New Bitcoin Core Version 0.11.0 Released announced that the new bitcoin core version 0.11.0 is already ready for downloading. Users may also opt to upgrade the previous 0.10.0 version to access new features and implement bug fixes.

To upgrade, users simply need to shut down the older version then run the installer, which is compatible for both Windows and Mac. Downgrading to older versions are still possible but there might be compatibility issues with versions earlier than 0.10.0 because of the headers-first synchronization and parallel block download features.

Bitcoin Core Version Changes

In particular, downgrading to a pre-0.10.0 version of the software can result to blocks being stored on disk out of order and incompatibility with other tools or programs. Reindexing using earlier versions will also not work anymore as a result of this. Aside from that, the block index database will now hold headers for which no block is stored on disk, which earlier versions won’t support.

Some important information about the latest release also covers transaction flooding, block file pruning, big endian support, memory usage optimization, fee estimation changes, and privacy updates. To be specific, the bitcoin core version 0.11.0 release supports running a fully validating node without maintaining a copy of the raw block and undo data on disk.

A previous issue regarding the increased volume of transactions has severely affected the transaction verification time in the bitcoin network, and the new bitcoin core version attempts to address this. According to the blog post, if this growth of the mempool causes problematic memory use on the node, it is possible to change a few configuration options to work around this.

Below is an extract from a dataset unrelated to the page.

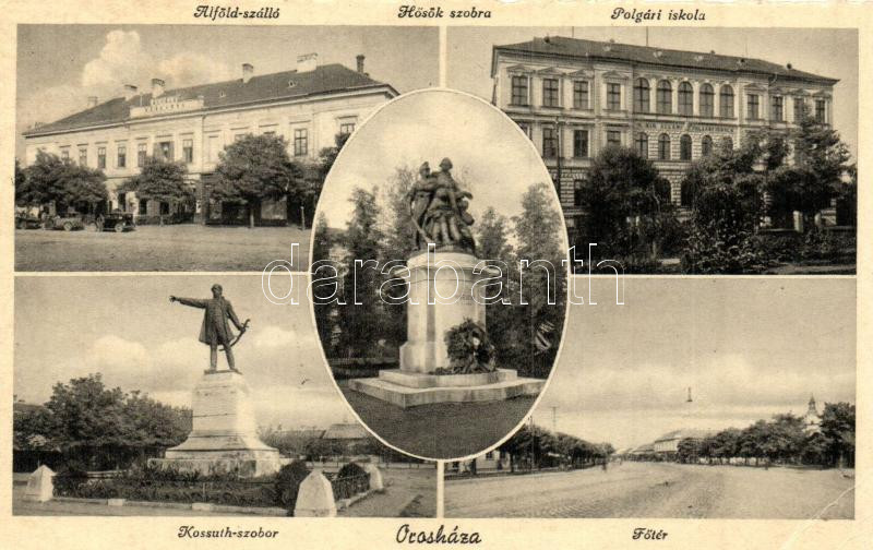 Beschreibung: Orosháza, Alföld szálló, Hősök szobra, Polgári iskola, Kossuth szobor, Fő tér (EK)

One is to increase the minimum transaction relay fee minrelaytxfee, which defaults to 0.00001. This will cause transactions with fewer BTC/kB fee to be rejected, and thus fewer transactions entering the mempool.

The other is to restrict the relaying of free transactions with limitfreerelay. This option sets the number of kB/minute at which free transactions (with enough priority) will be accepted. It defaults to 15. Reducing this number reduces the speed at which the mempool can grow due to free transactions.